Pada akhirnya, polemik Peraturan Kepolisian Nomor 10 Tahun 2025 perlu dipandang secara proporsional dan berimbang dalam kerangka pelayanan publik. Peraturan ini mencerminkan adanya kebutuhan koordinasi dan penguatan kapasitas antarlembaga negara, namun pada saat yang sama memunculkan kekhawatiran publik terkait transparansi, profesionalisme, dan kejelasan peran dalam penyelenggaraan pelayanan.

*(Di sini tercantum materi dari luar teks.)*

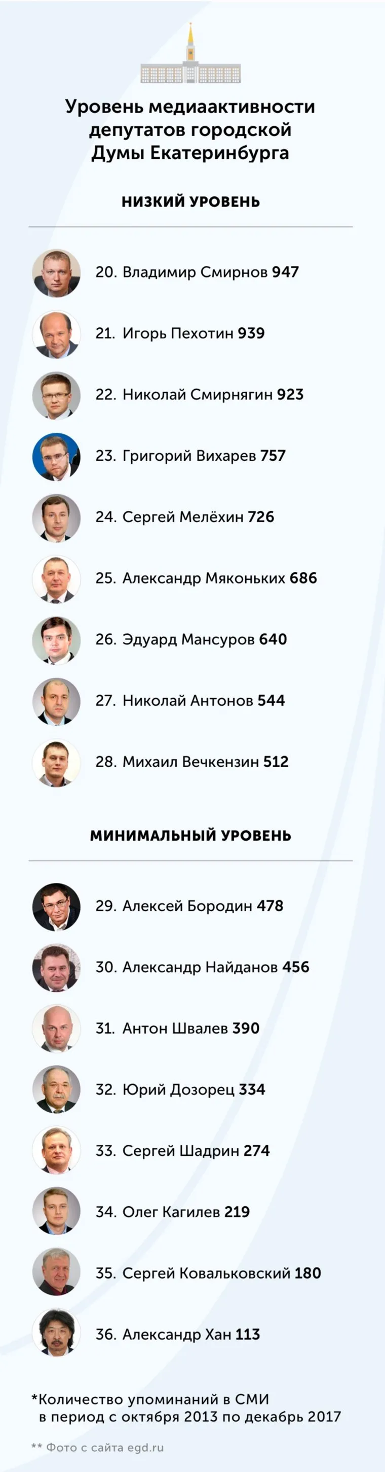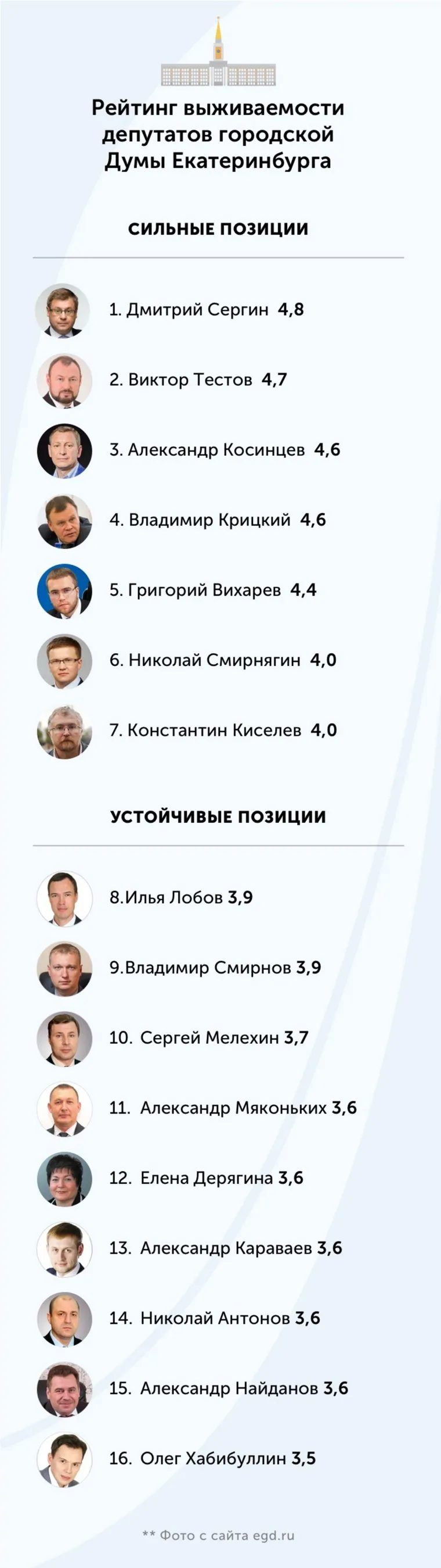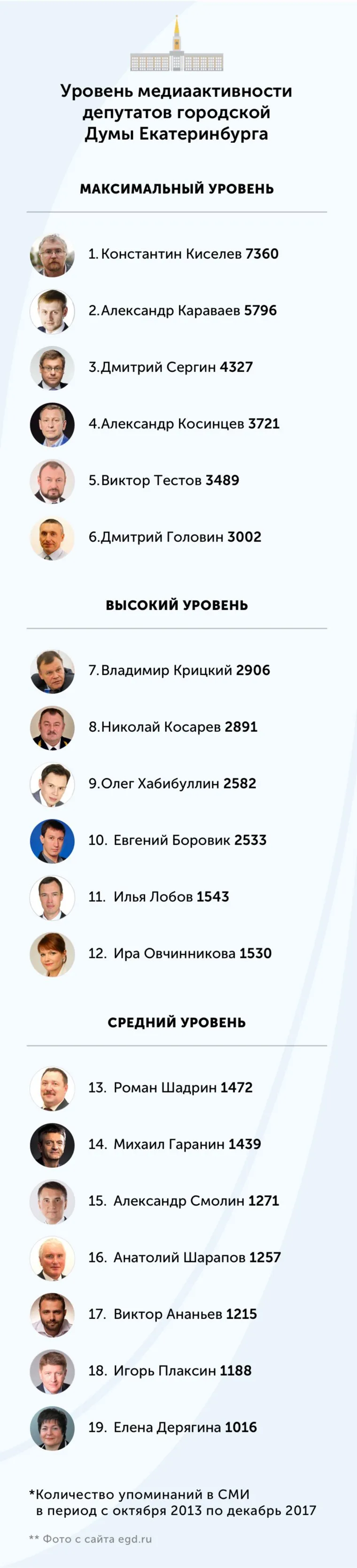 Возглавил рейтинг один из наиболее приближенных к руководителям мэрии Екатеринбурга депутатов Дмитрий Сергин . Помимо серьезного административного ресурса, он обладает политическим — парламентарий возглавляет региональное отделение «Российской партии пенсионеров», от которого выдвигался кандидатом в губернаторы Свердловской области. Эти факторы позволили Сергину стать значимой медиаперсоной (он занял третье место в рейтинге медиаактивности). «Верный солдат [первого заместителя губернатора Свердловской области] Владимира Тунгусова. Всегда на передовой…. Обладает хорошим потенциалом и договороспособностью… Таких не бросают. Отличная работа с электоратом», — отмечают в своих комментариях эксперты.

Dari perspektif pelayanan publik, kunci persoalannya bukan semata pada siapa yang menduduki jabatan tertentu, melainkan pada bagaimana pelayanan tersebut dijalankan. Selama prinsip keterbukaan informasi, kepastian kewenangan, akuntabilitas administratif, dan profesionalisme aparatur dapat dijamin secara nyata, maka kualitas pelayanan publik tetap dapat dijaga. Sebaliknya, tanpa kejelasan batas peran dan mekanisme pertanggungjawaban, potensi masalah dalam pelayanan publik akan tetap terbuka, terlepas dari latar belakang institusi pejabat yang bersangkutan.
Oleh karena itu, Penulis memandang bahwa Perpol Nomor 10 Tahun 2025 sebaiknya dipahami sebagai kebijakan yang masih memerlukan pengaturan teknis dan penyelarasan lebih lanjut agar selaras dengan prinsip-prinsip pelayanan publik. Pendekatan yang hati-hati, terbuka, dan berbasis kepentingan masyarakat menjadi penting agar polemik ini tidak berlarut, sekaligus memastikan bahwa tujuan peningkatan kinerja pemerintahan tidak mengorbankan transparansi dan profesionalisme pelayanan publik.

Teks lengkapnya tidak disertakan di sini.